DEPENDENT
CARE AND HEALTH CARE SPENDING ACCOUNTS
AT
The Treasury Department and the IRS announced that some over-the-counter drugs can be paid for with pre-tax dollars through health care flexible spending accounts, effective September 3, 2003. Additional information on the IRS over-the-counter drug ruling can be found at www.irs.gov/pub/irs-drop/rr-03-102.pdf.

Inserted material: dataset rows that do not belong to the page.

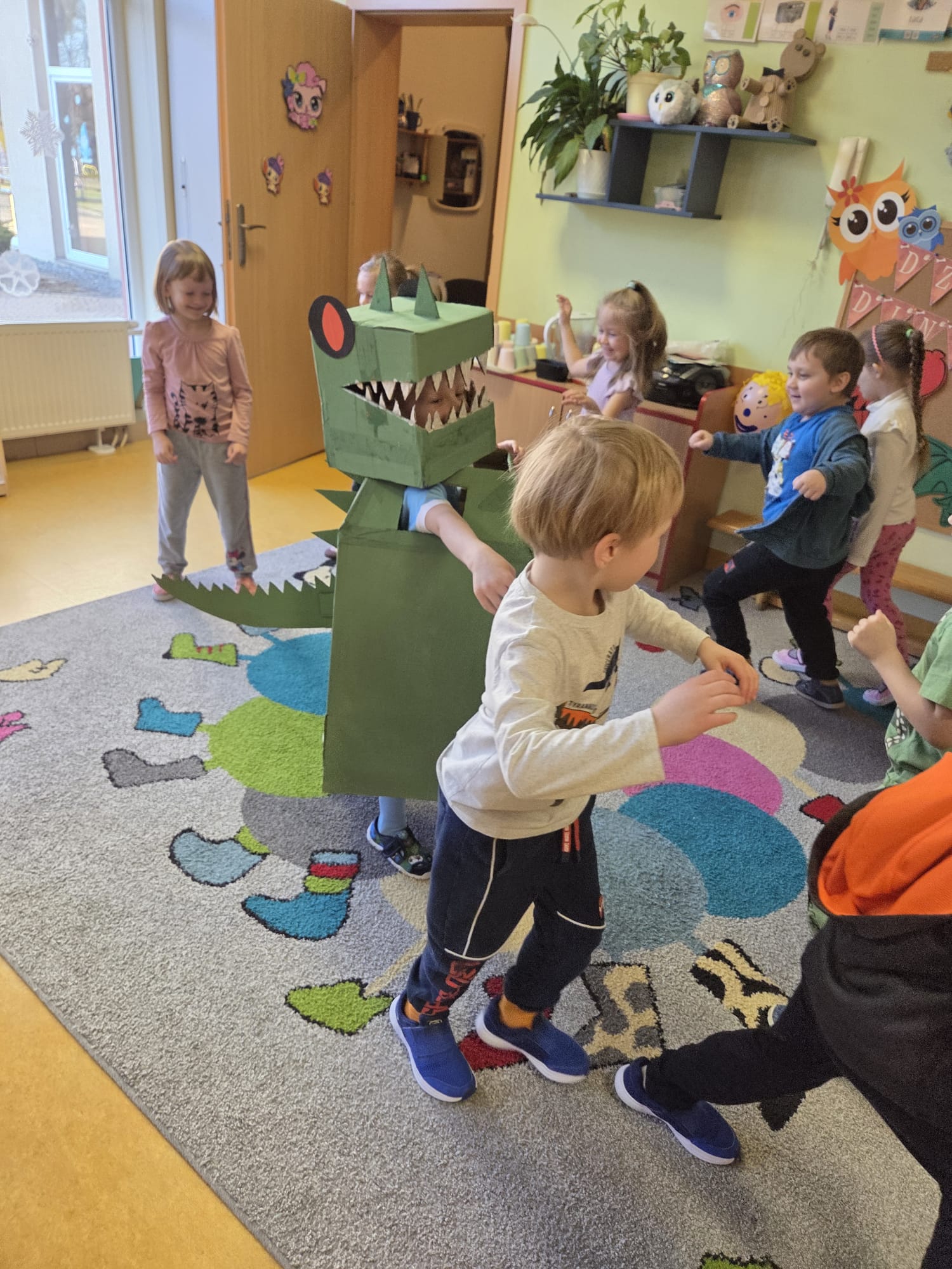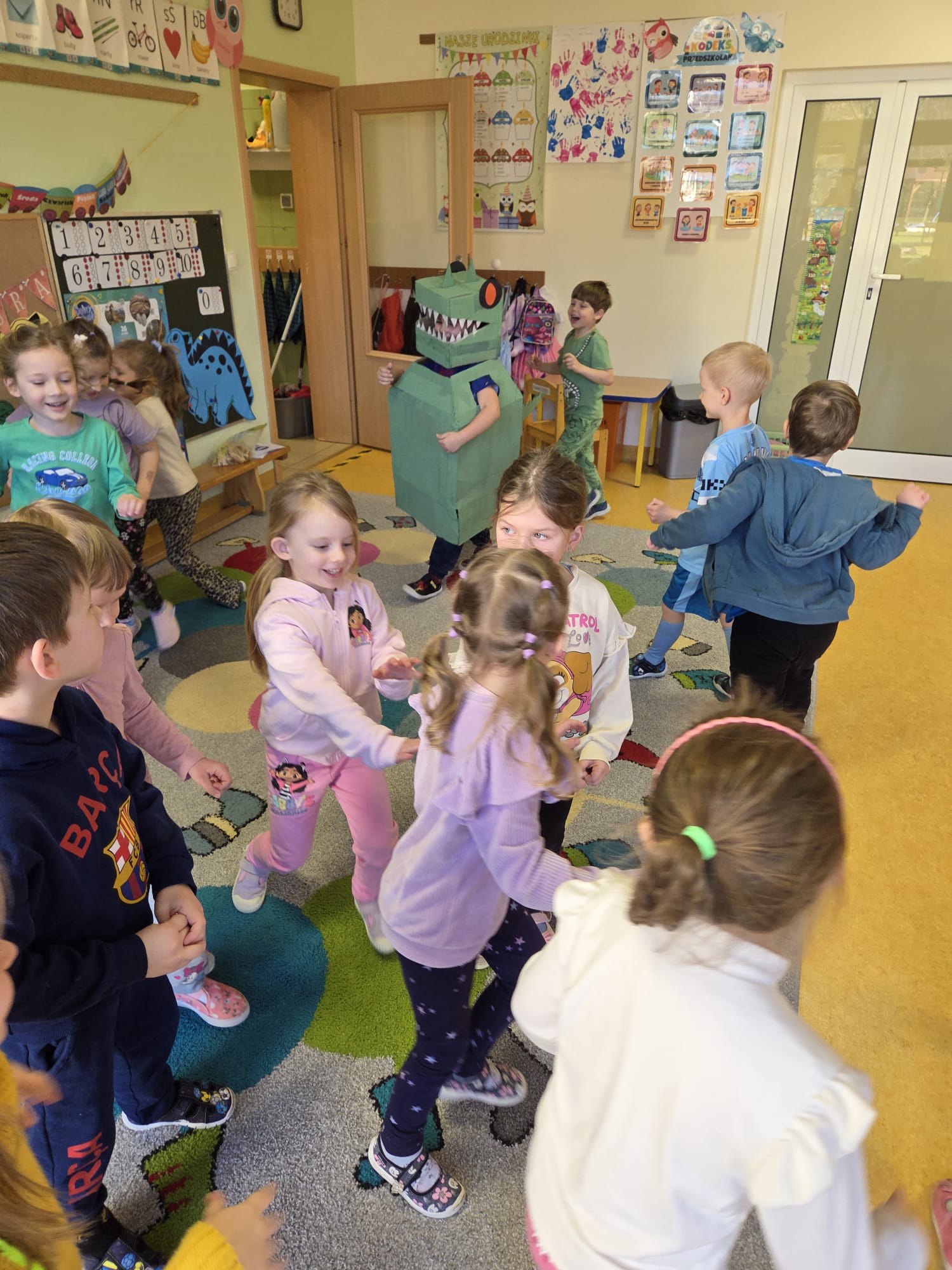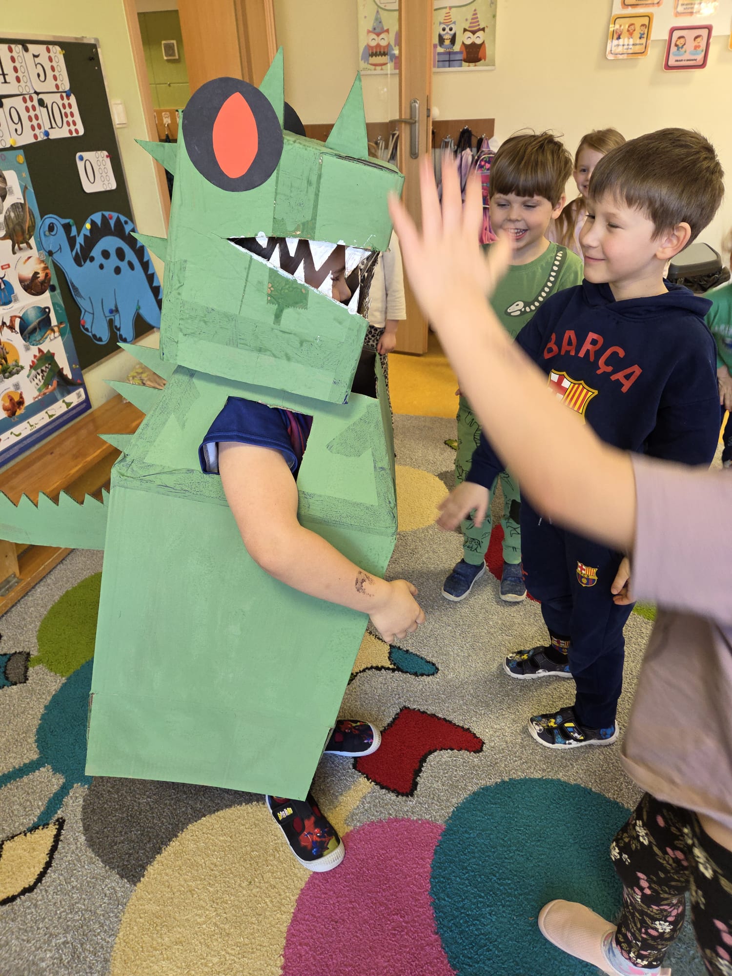 Kolejnym etapem było odkrywanie tajemnic narodzin tych stworzeń. Przedszkolaki poprzez świetną zabawę ruchową naśladowały proces wykluwania się z jajka, a następnie zamieniały się w latające i ciężko stąpające po ziemi dinozaury. Nie zabrakło też ćwiczeń matematycznych i motorycznych – dzieci z entuzjazmem przypinały do tekturowych dinozaurów dokładnie tyle klamerek, ile kropek znajdowało się na wylosowanych brzuszkach.
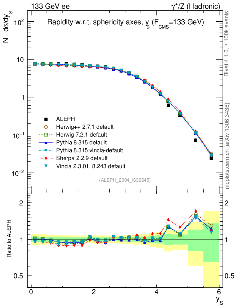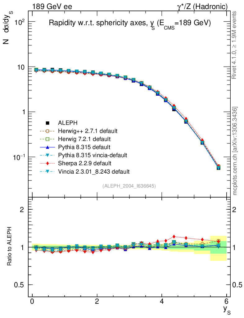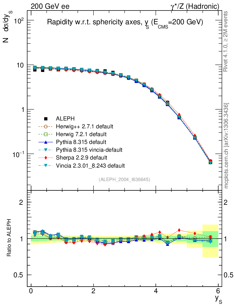 ee : γ*/Z (hadronic) : Charged Particles : Rapidity wrt Sphericity axis
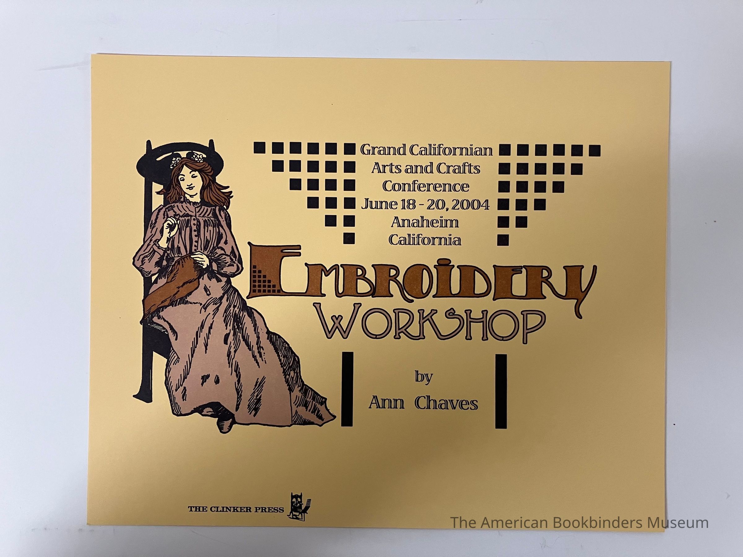 Yellow paper. Brochure for a workshop by Ann Chaves as part of the Grand Californian Arts and Crafts Conference in June 2004 in Anaheim. An image of a woman doing embroidery is on the left. Main title in the center, with the date and location voce between 'stairs' of squares.Collection
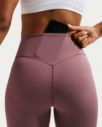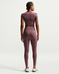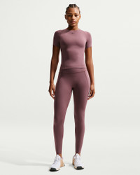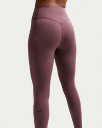 Don't let 'em see you sweat. We elevated the design of our Universa leggings to look smooth and help conceal sweat, thanks to a no-seam front and moisture-concealing technology. Their midweight, ultrasmooth fabric offers squat-proof stretch that helps lift and shape. Plus, an updated waistband resists rolling, so you can go all out with confidence. Product Details - Body: 77% polyester/23% spandex - Laser-cut hem - Reflective Swoosh logo on left hip - Not intended for use as Personal Protective Equipment (PPE) - Machine wash - Imported - Shown: Tattoo/Tattoo/Burgundy Crush - Style: HQ6810-502 SIZE & FIT Tight fit: snug and form-fitting Medium support: feels ke a snug hold to keep everything in place Fl length: hits below ankle High-Waisted: sits at or above your natural waist for more coverage
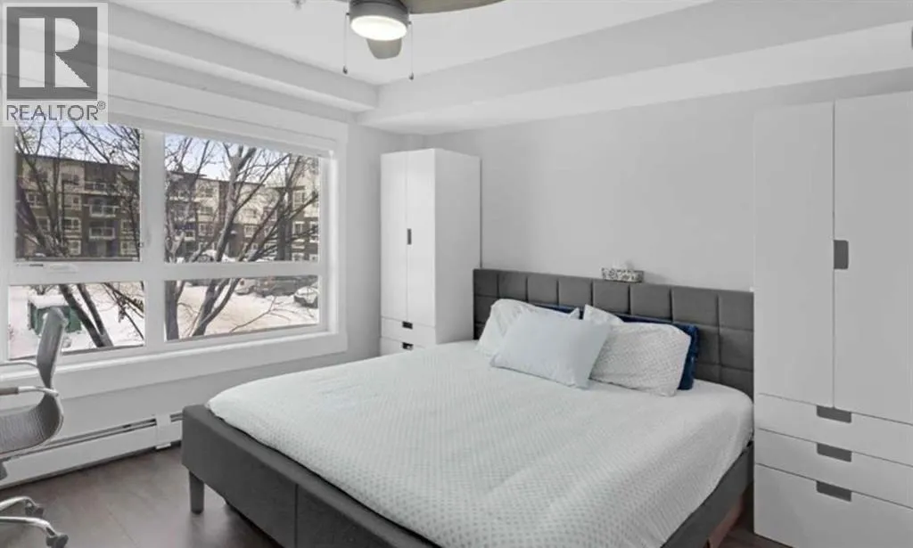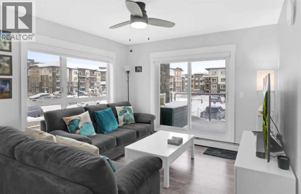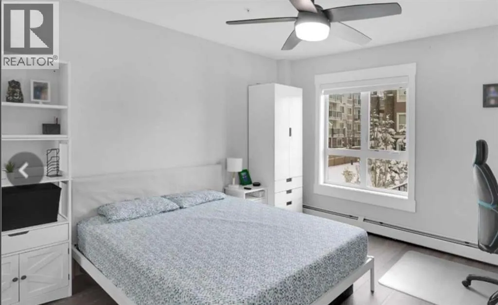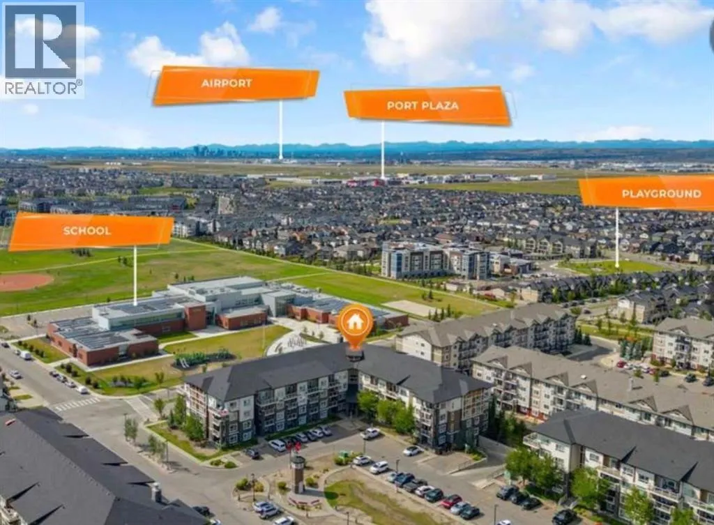 Welcome to this beautifully maintained and UPGRADED CORNER UNIT CONDO, located on the second floor offers over 943.5 sq ft of comfortable living space, featuring 2 spacious bedrooms, 2 full bathrooms, and the convenience of titled heated underground parking and secure caged storage locker. As you enter, youâll be greeted by an open-concept design that includes a well-appointed kitchen, a dining area, and a versatile flex space perfect for an office. The kitchen is a chefâs dream, featuring a large counter with bar seating, granite countertops, stainless steel appliances. The owner has invested over $15k in upgrades including CUSTOM CABINETRY , HALL TREE ENTRYWAY BENCH ,COAT RACK with SHOE STORAGE, SMART LOCK for main DOOR , WATER PURIFIER ,SAMSUNG DISHWASHER, NEW LIGHT FIXTURES( Kitchen and dining) and BOTH WASHROOMS FIXTURES, New VINYL PLANK FLOORING (no carpet) has been installed throughout the unit, PATIO TILES, REMOTE CONTROLLED ZEBRA BLINDS for all windows and CEILINGS FANS in both bedrooms and Living room add extra convenience and comfort and beautiful Balcony to spend time with friends ,enjoying BBQ.Located in the vibrant Skyview Ranch community, this condo offers easy access to local amenities, parks, schools, shopping, and major roadways. Whether you're a first-time homebuyer, a growing family, or someone looking for a modern, low-maintenance property, (id:27476)
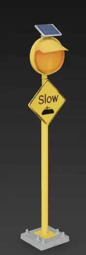 The Overall Concept This asset is a high-visibility warning sign designed to alert drivers to hazards ahead. It combines a standard road sign with a powered flashing beacon, making it perfect for placing near school zones, crosswalks, or speed bumps in your game.
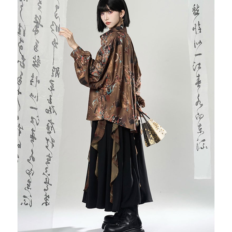 幻想的な東洋の絵画をそのまま閉じ込めたような、芸術的なプリントが全面に施されたオーバーサイズブラウスです。

Also, there are new reimbursement forms for the flexible spending accounts. These forms can be found at www.aug.edu/personnel/forms or you can pick one up from the Business Office or Personnel Services.
SUMMARY OF PLAN PROVISIONS
The health and welfare of you and your family
is important to
Under a spending account arrangement, you make contributions to the account from your salary each pay period - before payroll taxes are computed - and are then reimbursed for eligible expenses from your Flexible Spending Account (s) as you present your claim for payment.
This booklet is written with as few technical terms as possible, so that you will be aware of your rights and benefits. Every effort has been made to make the booklet as complete and accurate as possible. However, if any conflict should arise between this booklet and the Plans, the terms of the Plans will govern.
The Augusta State University Personnel Office will be happy to supply you with any available additional information so that you will have a more complete understanding of the benefits to which you are entitled.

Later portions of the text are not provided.